Task instructions: Output only the lines that run from the line holding "Широкая столешница поможет" to the end of the data below, including both ends, without any pictures.

[Items from a data source]
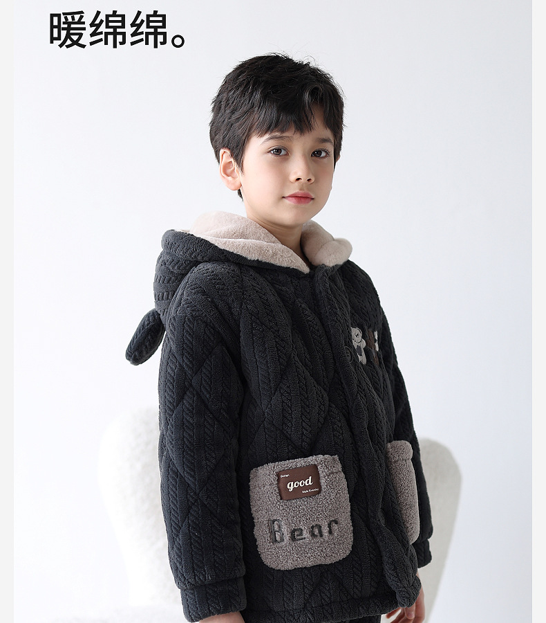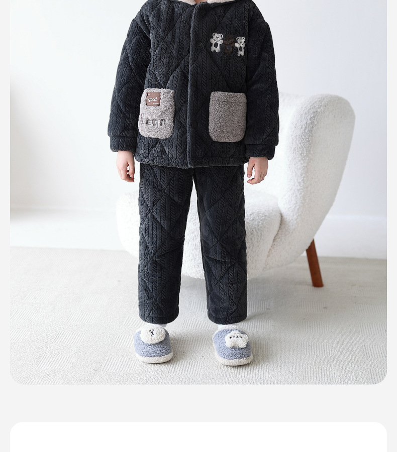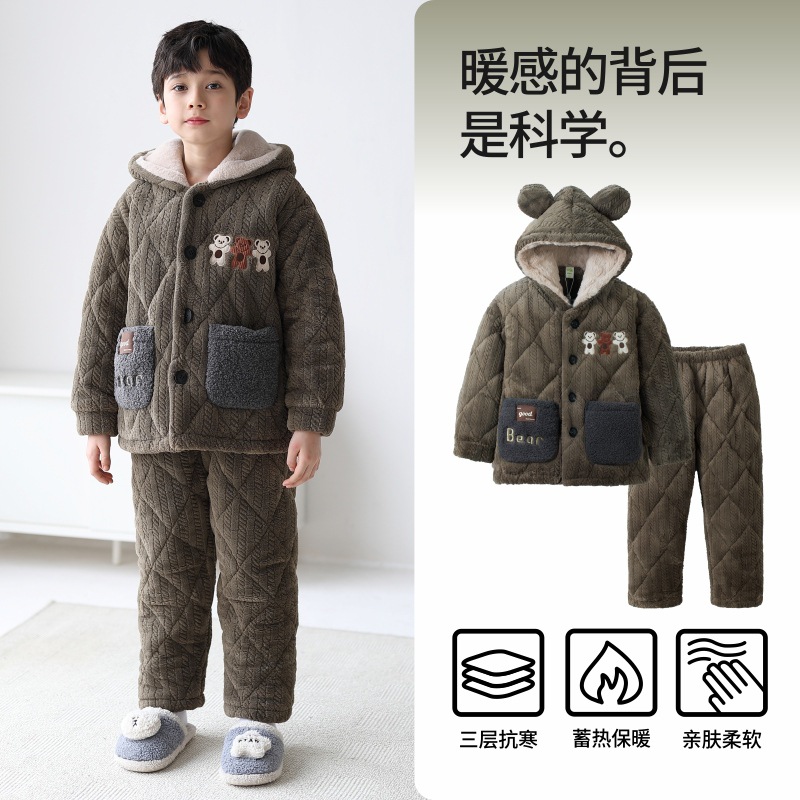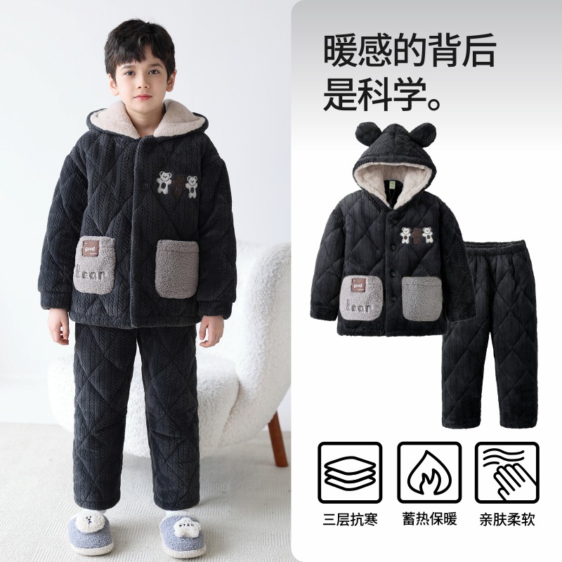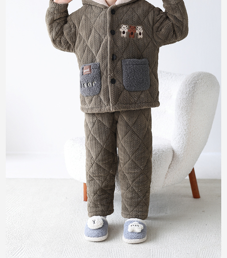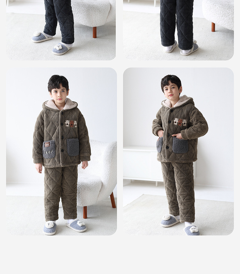 어린이 코튼 파자마 소년의 겨울 플란넬 3 층 두꺼운 2024 소년 산호 양털 홈 옷
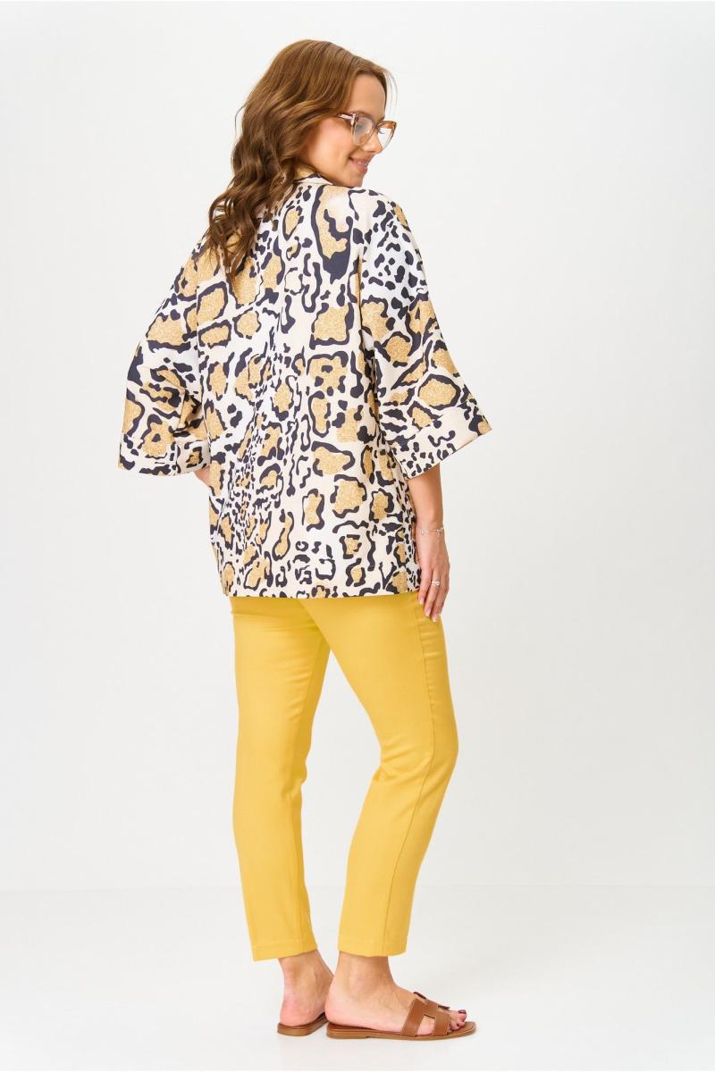 Комплект женский состоящий из блузы , жакета и брюк. Блуза женская из хлопка полуприлегающего силуэта длиной до линии бедра для повседневной носки и торжественных случаев . Горловина топа с разрезом в форме капли . Разрез застегивается на потайную кнопку . Рукава вточные . Жакет однобортный с воротником пиджачного типа и цельнокроеным рукавом 3/4 для повседневной носки и торжественных случаев. Жакет свободный , прямого силуэта с центральной застежкой на 3 петли и пуговицы . Длина изделия чуть ниже линии бедра .Брюки женские полуприлегающего силуэта из текстильного полотна с застежкой на тесьму- молнию и застежкой на петлю и пуговицу , боковыми карманами . Низ брюк с подгипкой .
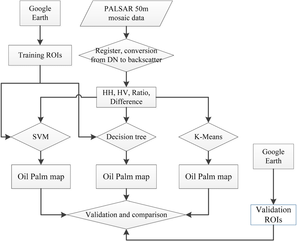 The objective of this study is twofold: (1) to evaluate the potential of PALSAR imagery to map oil palm plantations in Cameroon and (2) to evaluate the effectiveness of various classification methods in the use of PALSAR data. We implemented Support Vector Machine (SVM), K-Means, and Decision Tree methods to map oil palm plantations in a small region in Cameroon. To assess the performance of various classification methods, we randomly selected training samples of different sample sizes from a large set of training points. We aimed to provide feasible algorithm selection reference of oil palm plantation mapping with PALSAR data [31].
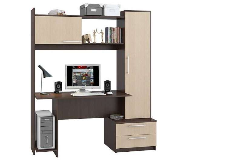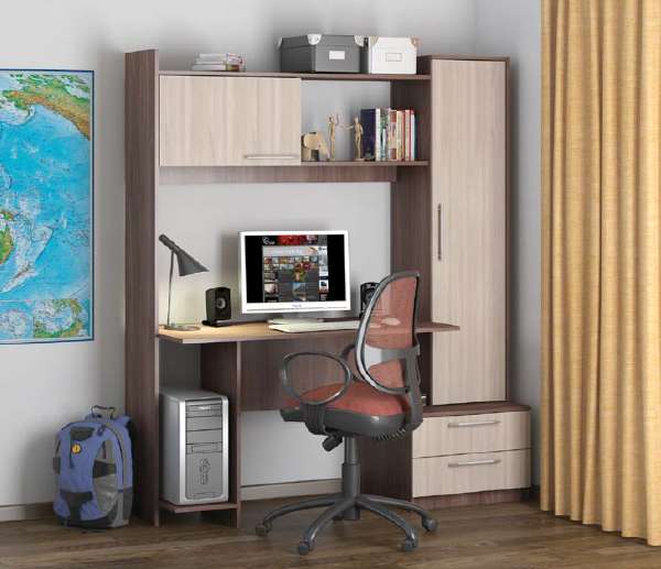 Широкая столешница поможет с комфортом расположиться за работой с компьютером или ноутбуком, а множество различных секций для канцелярии, книг и прочей сопутствующей атрибутики сделают рабочее пространство аккуратным и организованным. В боковом стеллаже на нижней полке можно удобно разместить системный блок. За распашными дверками также находятся полки.
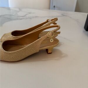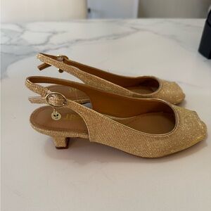 J Renee peekaboo toe gold slingback pumps. Size 6 .5
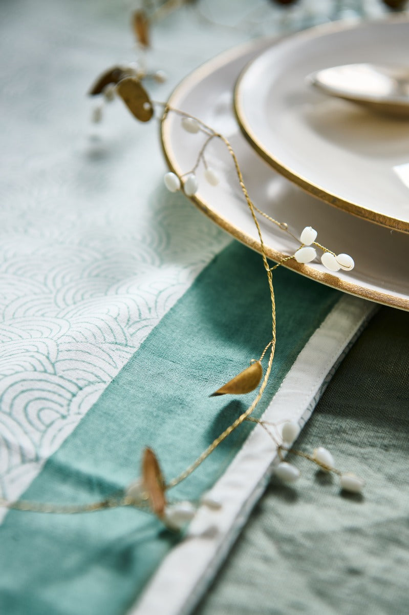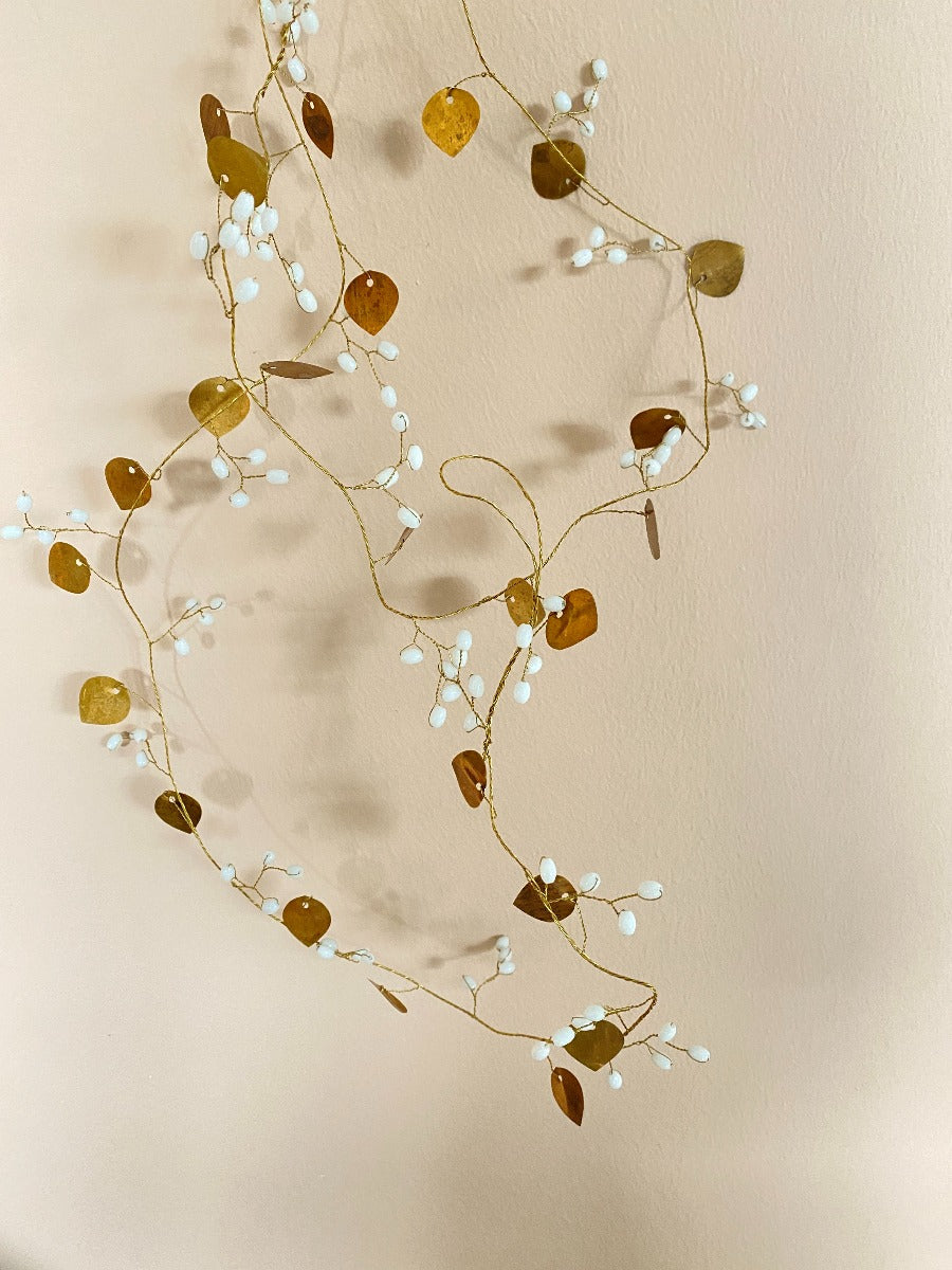 Breng feestelijke elegantie in huis met deze handgemaakte goudkleurige slinger, versierd met witte kunstbessen. Gemaakt van messing, voegt hij een warme en verfijnde touch toe aan elke ruimte.
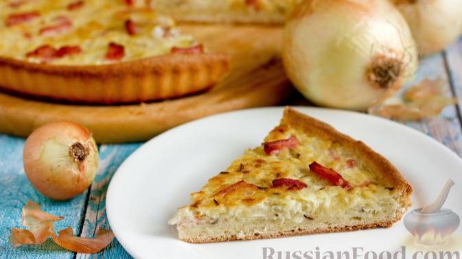Подаётся традиционно к пиву. НЕМЕЦКИЙ ЛУКОВЫЙ ПИРОГ С КОПЧЕНЫМ МЯСОМ
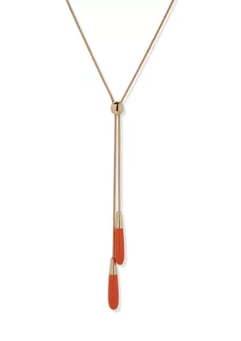 This Nine West necklace adds subtle sophistication to any outfit with its lariat design, making it perfect for all occasions. Polished finish Imported Product Specifications 24" L Material & Care Gold-tone metal Clean with a soft cloth
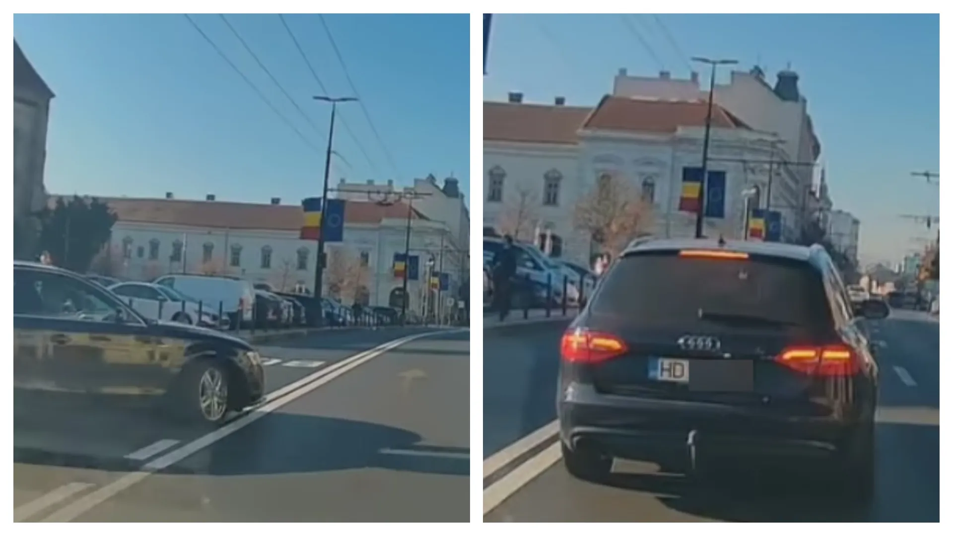 Un astfel de caz a fost surprins de camera de bord a unui participant la trafic. Mai exact, autoturismului care se deplasa regulamentar i-a fost tăiată calea de către un șofer, cu numere de Hunedoara, care ieșea din parcarea din Piața Unirii.

Answer to the problem:
 Широкая столешница поможет с комфортом расположиться за работой с компьютером или ноутбуком, а множество различных секций для канцелярии, книг и прочей сопутствующей атрибутики сделают рабочее пространство аккуратным и организованным. В боковом стеллаже на нижней полке можно удобно разместить системный блок. За распашными дверками также находятся полки.
 J Renee peekaboo toe gold slingback pumps. Size 6 .5
 Breng feestelijke elegantie in huis met deze handgemaakte goudkleurige slinger, versierd met witte kunstbessen. Gemaakt van messing, voegt hij een warme en verfijnde touch toe aan elke ruimte.
Подаётся традиционно к пиву. НЕМЕЦКИЙ ЛУКОВЫЙ ПИРОГ С КОПЧЕНЫМ МЯСОМ
 This Nine West necklace adds subtle sophistication to any outfit with its lariat design, making it perfect for all occasions. Polished finish Imported Product Specifications 24" L Material & Care Gold-tone metal Clean with a soft cloth
 Un astfel de caz a fost surprins de camera de bord a unui participant la trafic. Mai exact, autoturismului care se deplasa regulamentar i-a fost tăiată calea de către un șofer, cu numere de Hunedoara, care ieșea din parcarea din Piața Unirii.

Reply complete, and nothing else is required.